Священник уже сидел.
— Жениться? На леди Марии? Тебе не пережить свадебной церемонии.
— Еще одна причина, по которой мы спешим обвенчаться.
— Ты заручился согласием ее отца?
— Мы сбежали от него.
— А благословение магистра получил?
— Мы поженимся тайно.
— Ты дворянского происхождения? У тебя есть земли? Будущее при дворе какого-либо монарха?
— Все, что уготовила нам судьба, мы разделим на двоих.
— Это противоречит всем догматам ордена и несовместимо с правилами наследования и титулованной кровью.
— Иисус был плотником, фра Роберто.
— А ты пират, Кристиан. Мятежник, обольститель, бродяга и наемник, чей кошелек набит золотом, снятым с вражеских трупов.

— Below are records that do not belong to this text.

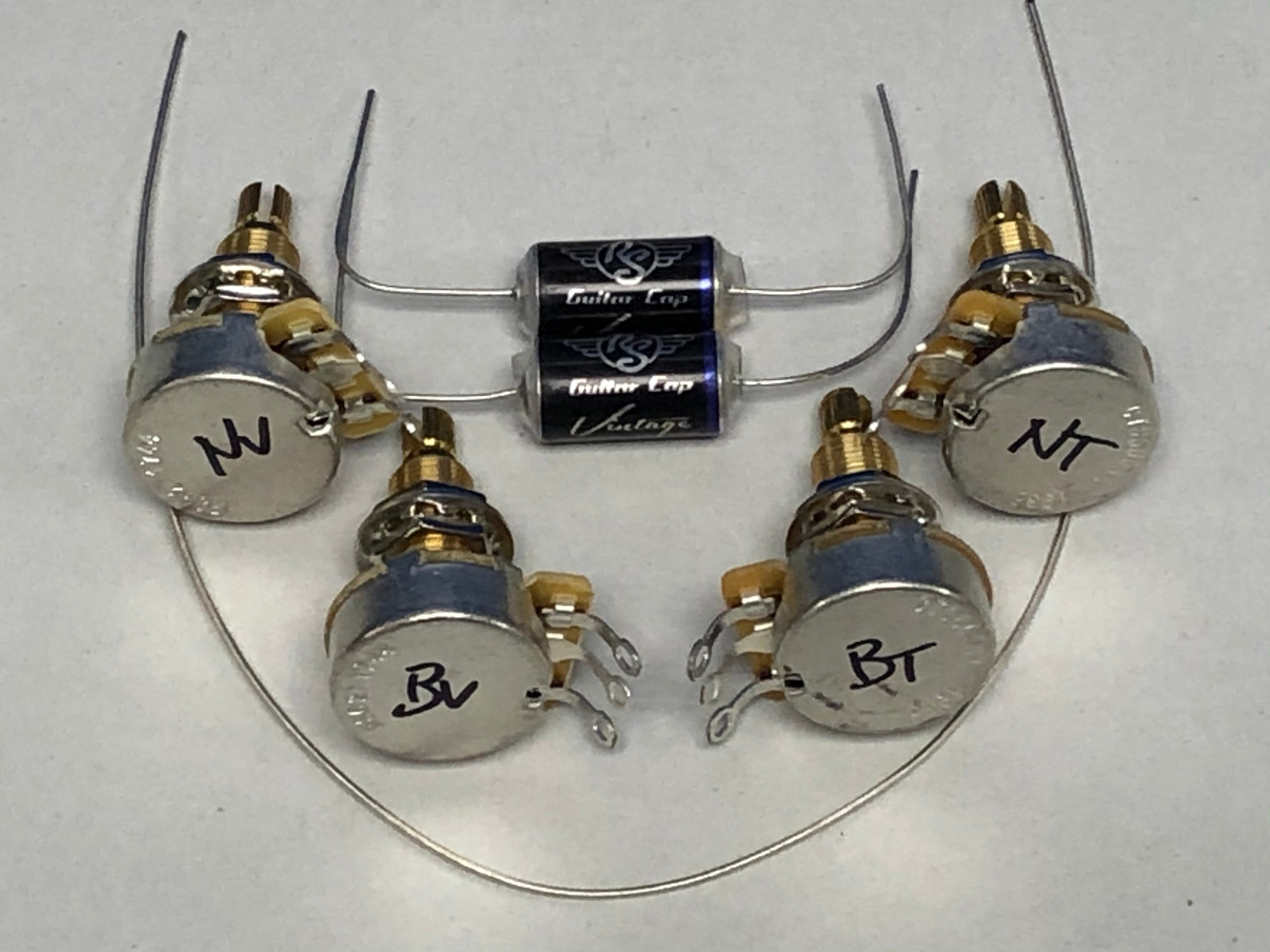 (1) 250K CTS Solid Shaft Audio taper pots- Audio taper pots work great for tone controls. With that in mind, we had CTS improve their stock audio taper pot by using brass shaft construction (brass is much more resilient than the typical aluminum,) and much tighter tolerances.
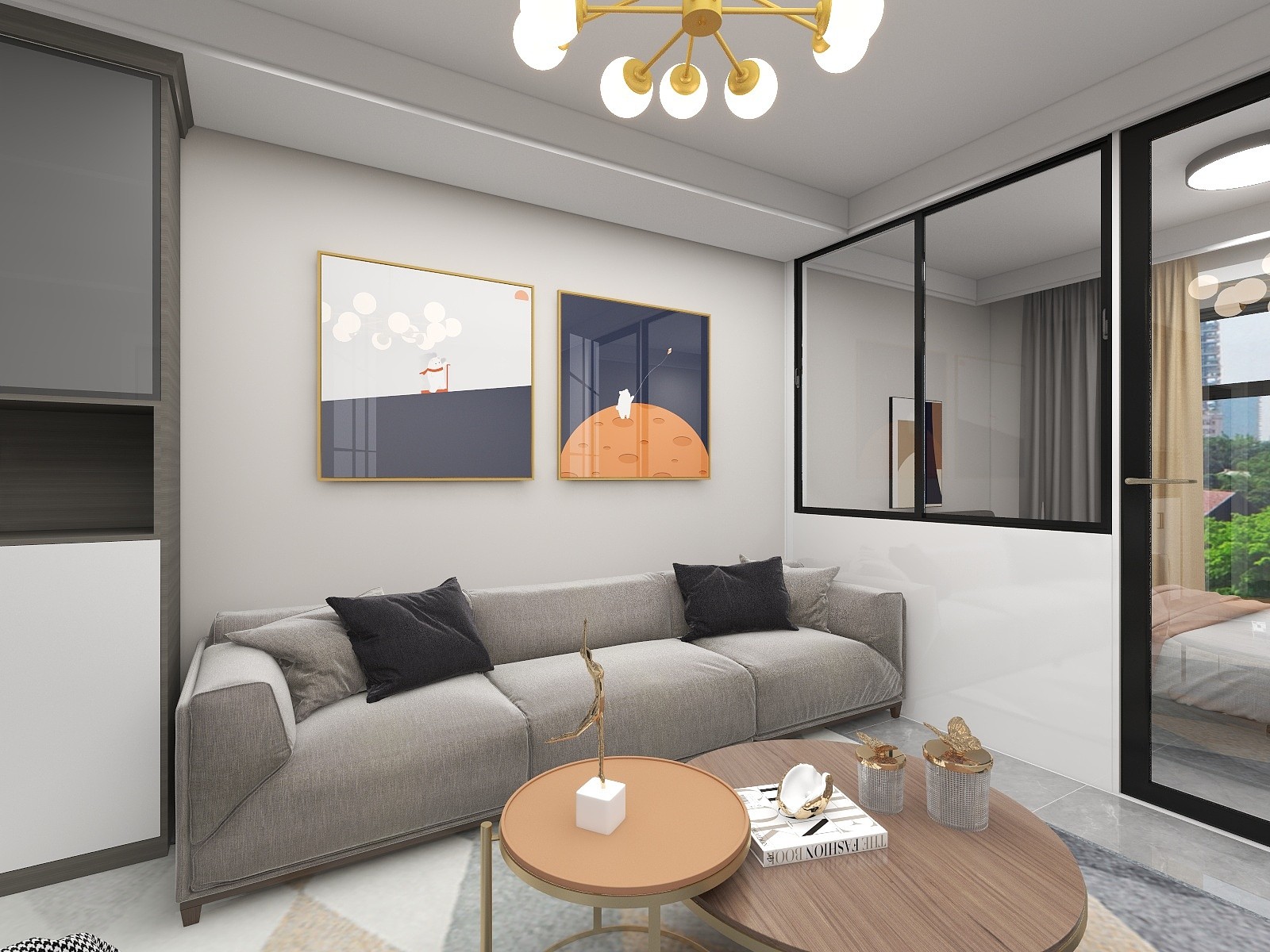 老人房是从客厅隔出来的为了保证,基础设施齐全的情况下也为了能让客厅和房间共同拥有阳光在隔墙上开了窗
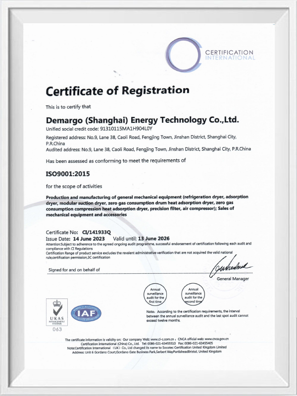 Spoločnosť DeMargo (Shanghai) Energy Saving Technology Co., Ltd. sa spolieha na svoje výhody v oblasti špičkových technológií, presných konštrukčných a výrobných procesov, uplatňovania vysokovýkonných tesniacich materiálov, inovácií patentovanej technológie tesnenia, prísneho systému kontroly kvality a profesionálnych predpredajov medzi predpredajmi, ktoré majú predpredaj, a po spelách, ktoré majú moduly, ktoré majú experiálne predpredaj, alebo sucho Predchádzanie úniku komprimovaného vzduchu a poskytovaní používateľom efektívne a spoľahlivé roztoky sušenia vzduchu.
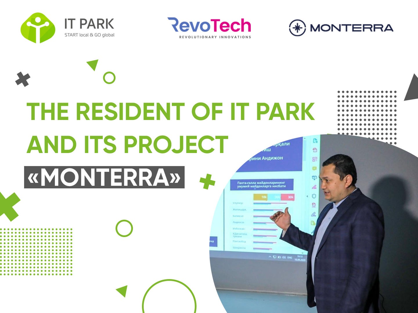 18 сентября 2020 года в Digital City Андижанской области прошли презентации крупных проектов, реализуемых в соответствии с постановлением Президента Республики Узбекистан от 28 апреля 2020 года «О мерах по широкому внедрению цифровой экономики и электронного правительства», в рамках которых резидент IT Park «Revotech» презентовал свой проект «Monterra».
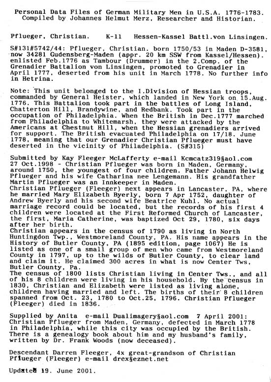 Personal Data Files of German Military Men in USA 1776-1783. Compiled by Johannes Helmut Merz, Researcher and Historian.

— Так вы освятите наш союз?
— Без единого колебания и задержки. — Священник шумно выпустил газы. — Если вы и дальше будете жить вместе так же, как деретесь на стенах форта, немногие сумеют разлучить вас.
— Никто!
— Иди готовься. Ты и Мария из Мдины станете мужем и женой.
К тому моменту как Гарди покинул тлеющий флигель дворца епископа, фра Роберто вновь провалился в глубокий безмятежный сон.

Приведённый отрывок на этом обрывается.